Task prompt. Begin with the line below holding "Calendar Cu Anul Scolar 2019 2020 De A Valma" and go on through the line holding "Join us Sunday, February", duplicating each line exactly and leaving out pictures.

Input material.
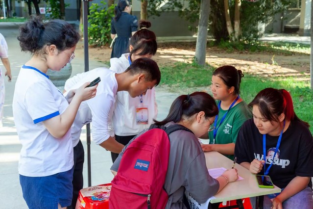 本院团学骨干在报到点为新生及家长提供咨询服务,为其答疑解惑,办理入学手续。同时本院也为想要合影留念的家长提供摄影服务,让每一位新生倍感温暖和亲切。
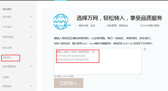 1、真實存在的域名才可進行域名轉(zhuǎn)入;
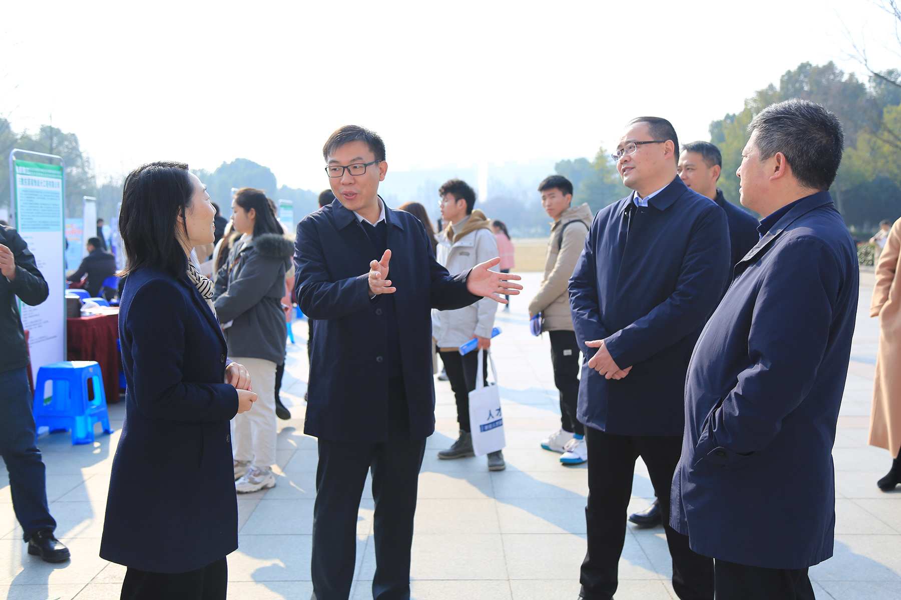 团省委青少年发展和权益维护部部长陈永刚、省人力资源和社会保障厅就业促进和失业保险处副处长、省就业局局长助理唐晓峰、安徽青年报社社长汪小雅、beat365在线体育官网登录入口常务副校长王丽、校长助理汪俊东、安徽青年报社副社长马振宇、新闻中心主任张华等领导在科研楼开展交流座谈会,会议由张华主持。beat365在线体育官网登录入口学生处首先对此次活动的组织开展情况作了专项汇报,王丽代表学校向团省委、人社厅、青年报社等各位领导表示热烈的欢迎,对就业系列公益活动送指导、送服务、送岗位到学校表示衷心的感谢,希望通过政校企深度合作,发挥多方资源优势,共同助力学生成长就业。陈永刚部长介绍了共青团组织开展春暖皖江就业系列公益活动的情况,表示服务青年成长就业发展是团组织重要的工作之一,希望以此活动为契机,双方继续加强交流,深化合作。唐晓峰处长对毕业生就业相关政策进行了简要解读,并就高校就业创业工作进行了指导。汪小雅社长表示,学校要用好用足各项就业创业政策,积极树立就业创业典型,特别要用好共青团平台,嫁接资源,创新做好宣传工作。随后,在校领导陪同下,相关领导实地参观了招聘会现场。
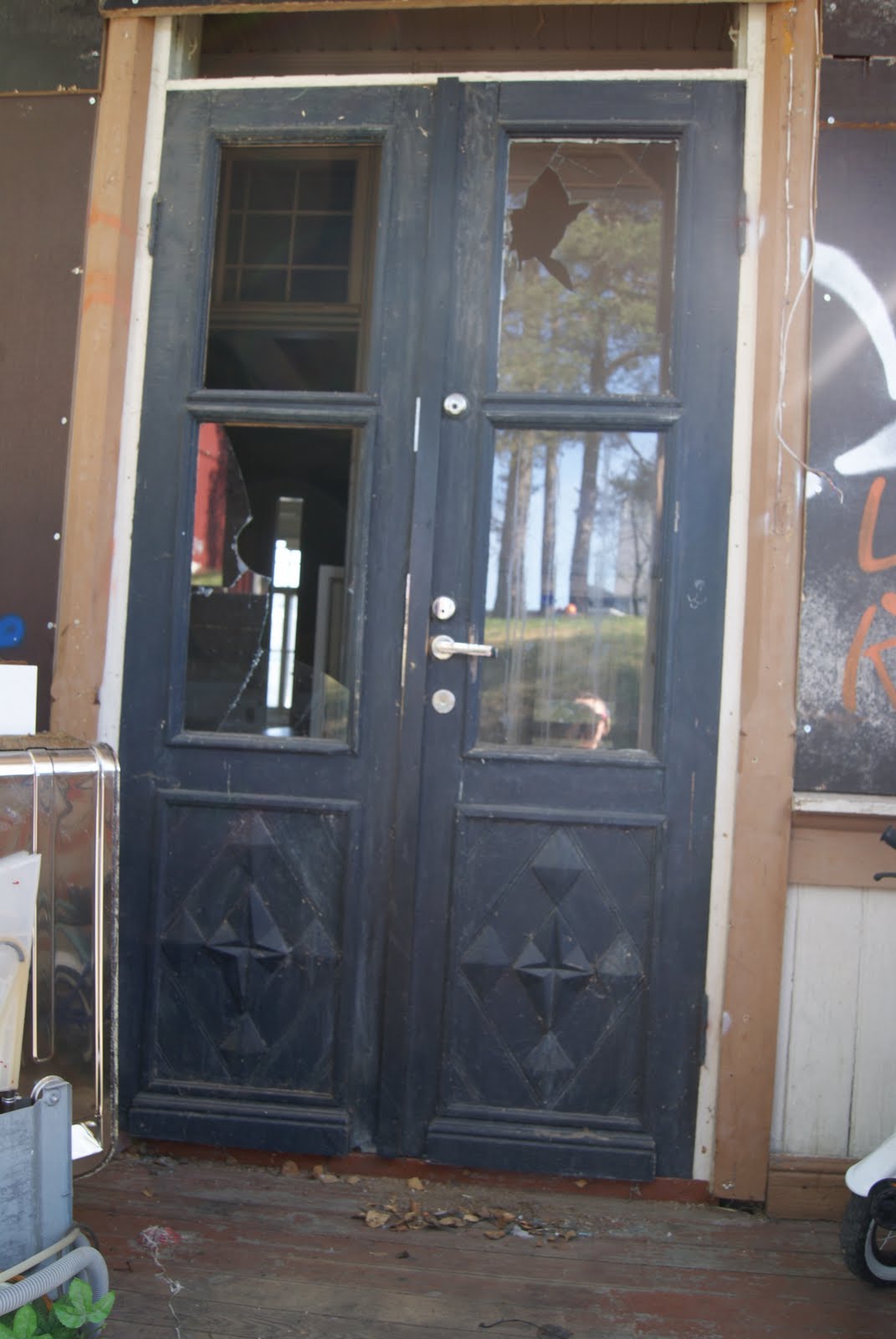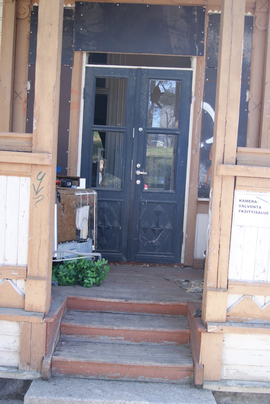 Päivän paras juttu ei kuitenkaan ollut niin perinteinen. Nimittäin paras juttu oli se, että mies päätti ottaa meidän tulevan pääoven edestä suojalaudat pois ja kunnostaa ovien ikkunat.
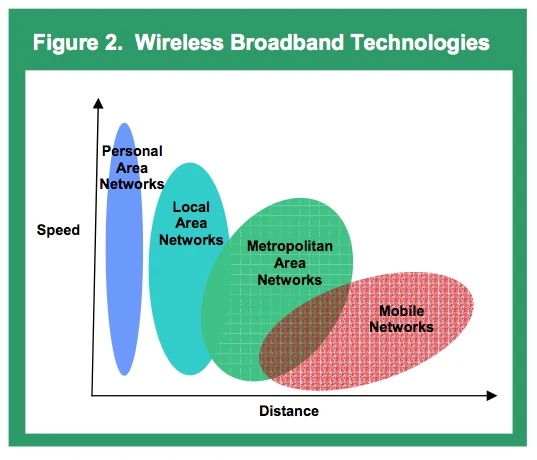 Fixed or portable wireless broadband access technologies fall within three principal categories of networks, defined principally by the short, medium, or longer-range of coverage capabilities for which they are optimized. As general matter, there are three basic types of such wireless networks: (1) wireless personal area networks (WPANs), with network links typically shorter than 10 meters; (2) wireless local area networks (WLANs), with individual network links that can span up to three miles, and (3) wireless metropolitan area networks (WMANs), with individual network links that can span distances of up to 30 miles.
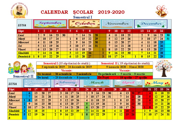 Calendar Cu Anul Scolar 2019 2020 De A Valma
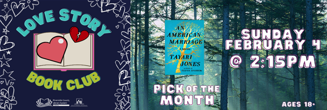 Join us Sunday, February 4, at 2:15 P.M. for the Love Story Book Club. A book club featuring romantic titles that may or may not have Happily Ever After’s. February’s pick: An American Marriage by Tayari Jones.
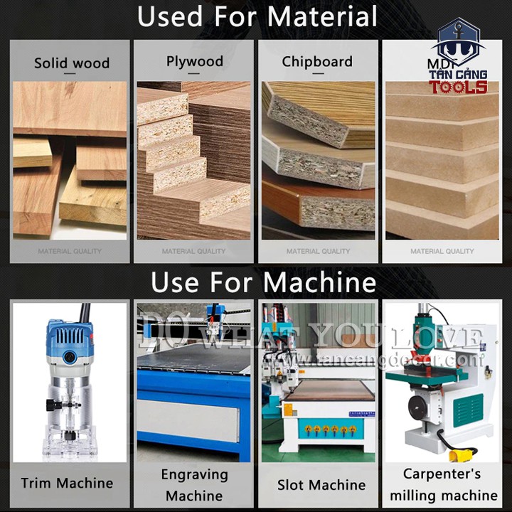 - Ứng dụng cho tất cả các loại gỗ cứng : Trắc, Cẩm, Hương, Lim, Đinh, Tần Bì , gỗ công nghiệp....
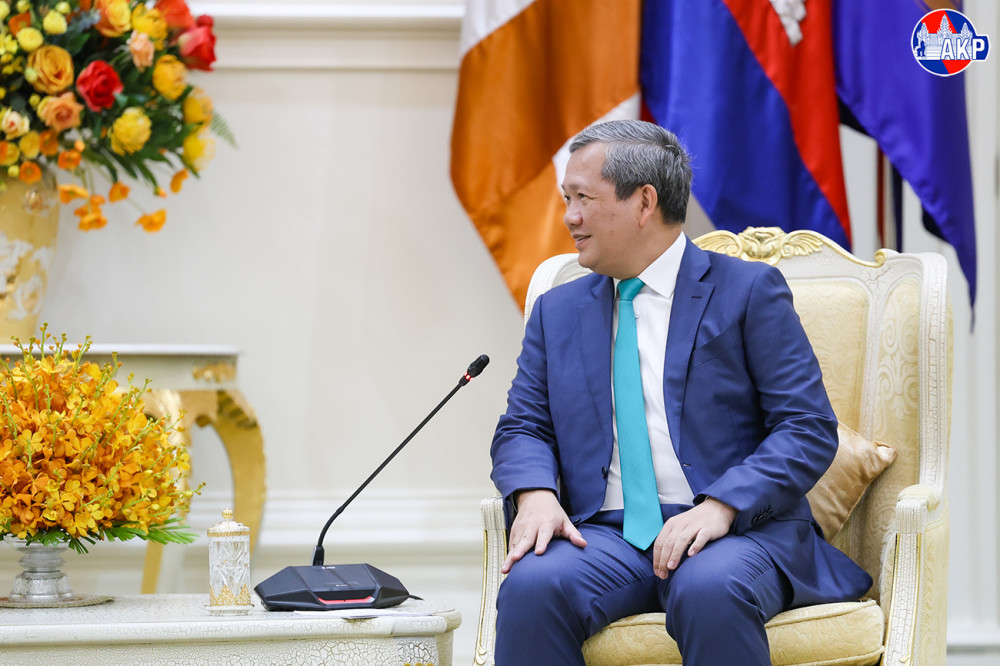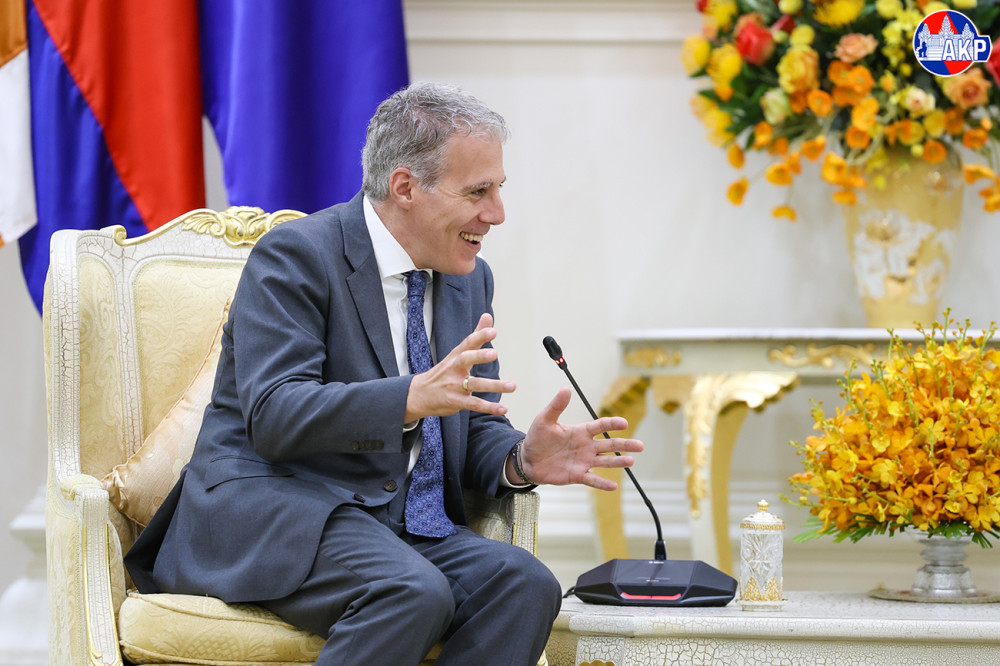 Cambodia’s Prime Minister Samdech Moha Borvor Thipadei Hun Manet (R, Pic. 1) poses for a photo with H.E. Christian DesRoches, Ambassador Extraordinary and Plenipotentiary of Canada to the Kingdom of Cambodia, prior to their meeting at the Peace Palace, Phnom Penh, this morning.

Answer to the problem.
 Calendar Cu Anul Scolar 2019 2020 De A Valma
 Join us Sunday, February 4, at 2:15 P.M. for the Love Story Book Club. A book club featuring romantic titles that may or may not have Happily Ever After’s. February’s pick: An American Marriage by Tayari Jones.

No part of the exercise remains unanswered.